Quick Take: The Aegis Value Fund (AVALX) has lagged its peers by a bit lately, but it has stayed well ahead of them since its inception five years ago.
This year through last month, Aegis Value was up 18.3%, versus 19.7% for the average small-cap value fund. But for the five years ended in July, it gained 17.6% on average, compared to 7.7% for its peers.
Scott Barbee, the fund’s lead manager, describes himself and the other members of his team as “deep value” investors, who look to buy stocks selling at severe discounts to what they think a company is actually worth.
The managers focus on very small companies and have no qualms about sitting on a cash cushion when they can’t find stocks they like.
The Full Interview:
In a camp of money managers hunting cheap stocks, Scott Barbee’s tent would be pitched at the far end.

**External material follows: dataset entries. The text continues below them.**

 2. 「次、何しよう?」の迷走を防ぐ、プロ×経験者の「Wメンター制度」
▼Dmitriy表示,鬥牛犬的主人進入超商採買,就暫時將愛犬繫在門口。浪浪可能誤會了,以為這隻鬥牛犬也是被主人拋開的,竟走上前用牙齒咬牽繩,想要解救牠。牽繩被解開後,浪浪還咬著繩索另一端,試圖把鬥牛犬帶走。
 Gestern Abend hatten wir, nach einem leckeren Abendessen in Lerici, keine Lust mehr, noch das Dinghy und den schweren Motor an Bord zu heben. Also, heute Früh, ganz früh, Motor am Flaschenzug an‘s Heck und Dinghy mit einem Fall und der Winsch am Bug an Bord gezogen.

Barbee, who heads the team that runs the Aegis Value fund, looks for shares trading at deep discounts to what he thinks they’re actually worth.
“On the value axis, we’re at an extreme,” says Barbee, who oversees the fund with William Berno and Paul Gambal.

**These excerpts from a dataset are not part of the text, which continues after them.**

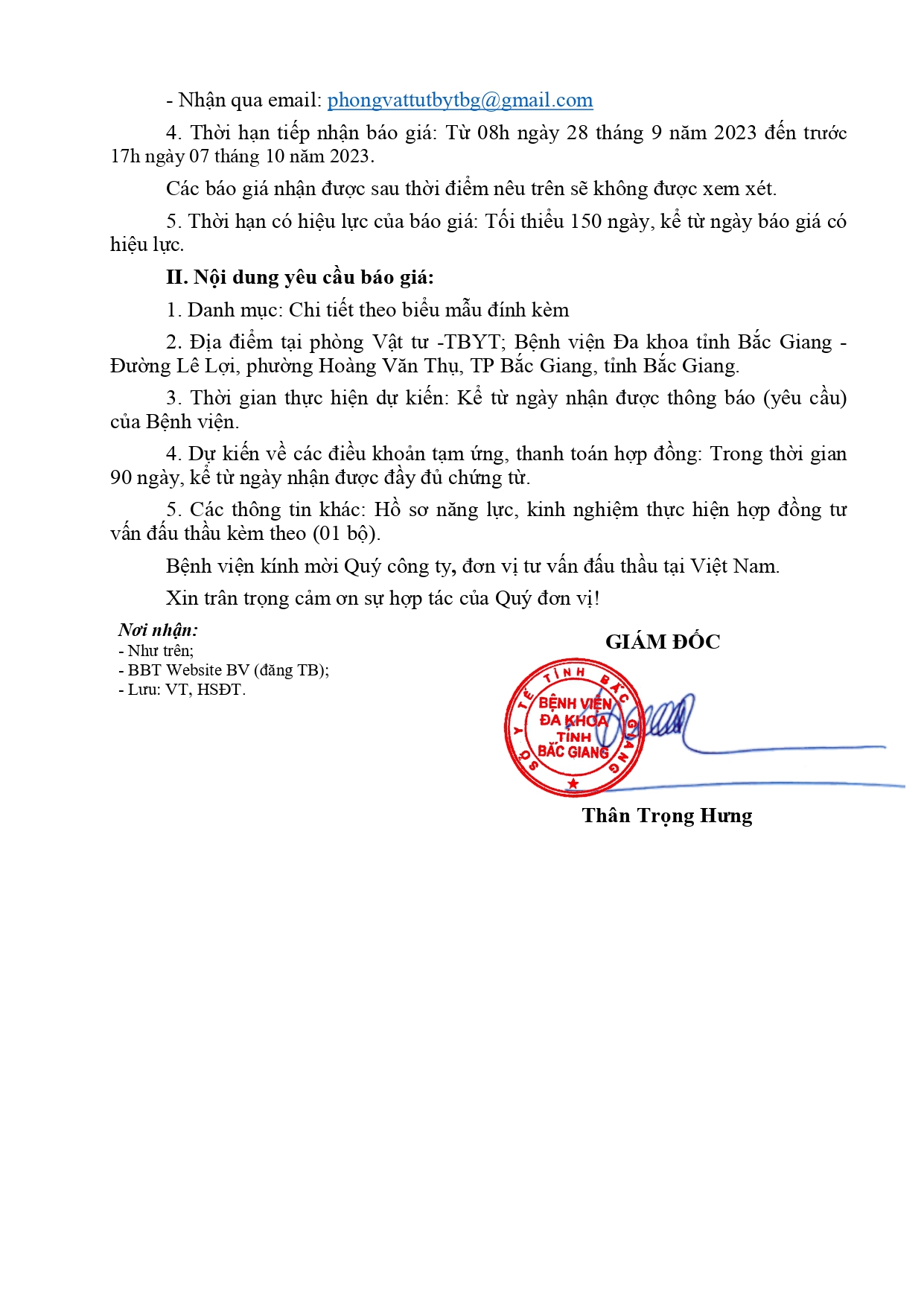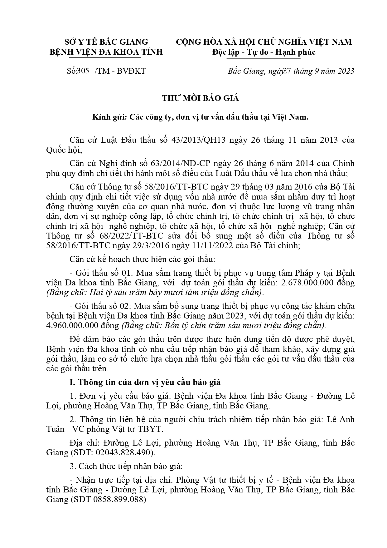 Thứ 5, 28/09/2023 | 08:39 A- A A+ | Thư mời báo giá số 305 ngày 27/09/2023 Đọc bài Lưu Tổng số điểm của bài viết là: 0 trong 0 đánh giá Click để đánh giá bài viết
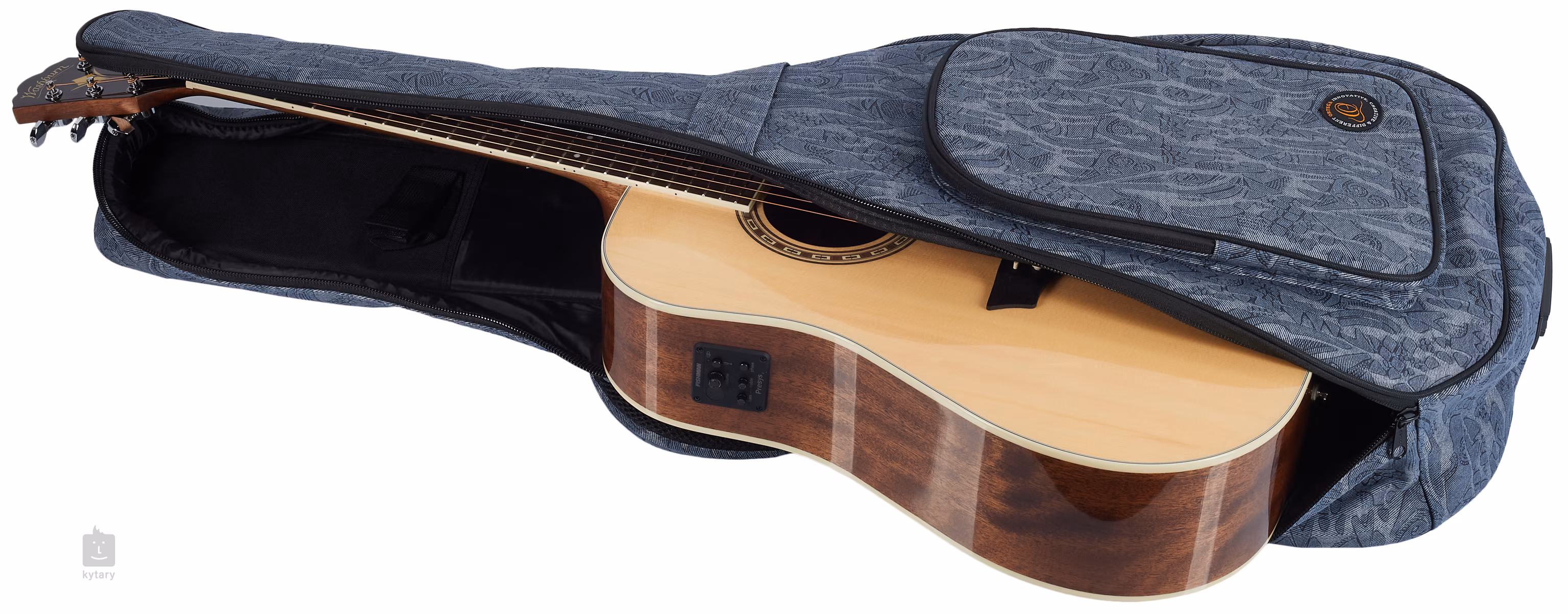 Nowa seria denimowych futerałów od Ortegi już na pierwszy rzut oka zachwyca zastosowanym materiałem - połączenie płótna i bawełny w denimie nie tylko świetnie wygląda, ale jest też wyjątkowo wytrzymałe. Wewnątrz znajduje się 12 milimetrów grubej wyściółki i miękka czarna nylonowa podszewka chroniąca instrument, a także uchwyt na szyję z bezpiecznymi zapięciami na rzepy. Na zewnątrz pokrowca znajduje się duża kieszeń do przechowywania akcesoriów, para wygodnych regulowanych pasków i niezawodny system zamków błyskawicznych. Jego rozmiar sprawia, że pokrowiec jest idealnym wyborem dla gitar akustycznych typu Dreadnought i podobnych.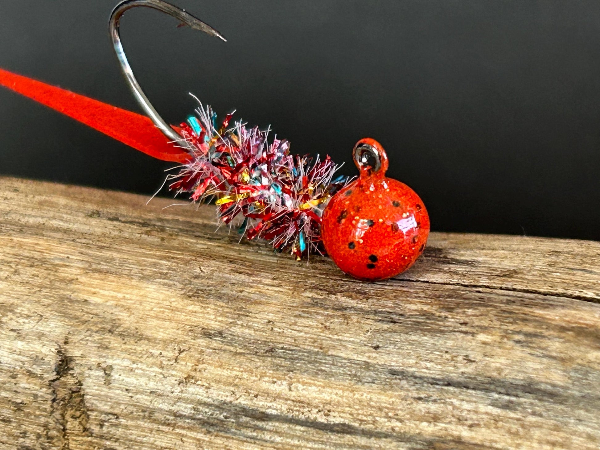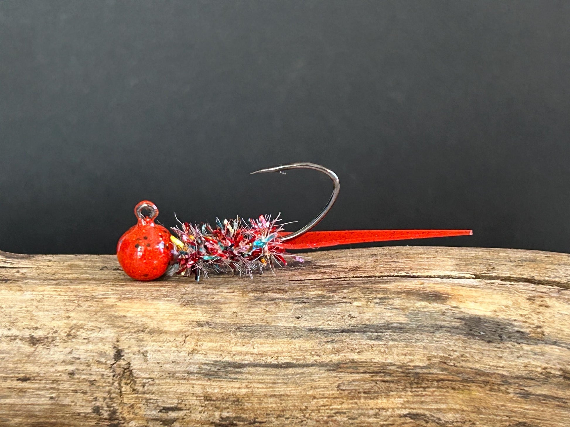 1/8 oz sickle hook #2 or 1/16 oz sickle hook #4 or 1/32 oz sickle hook #6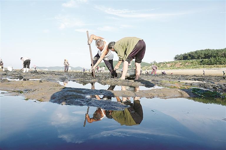 4.长海县的渔民偷得半日闲,和家人在海滩寻找独有的海鲜美味。

Initially, the managers focus on stocks trading for less than a business’s book value. Once that hurdle is cleared, their interest will be piqued by companies that buy back shares. Such repurchases can indicate that management wants to boost value for shareholders to its maximum, Barbee says.
Barbee also keeps an eye out for catalysts that can lift a stock, like a restructuring or an industry consolidation, and he likes to own companies that aren’t widely followed by Wall Street. These stocks, he notes, can soar once mainstream analysts begin tracking and recommending them.
Because of their modest size, many of the companies the fund owns don’t appear on major brokerage houses’ radar screens, Barbee says. While the managers trawl for big bargains, they buy little companies: those with market caps of up to $1 billion. “We tend to be on the smaller side of small,” he says.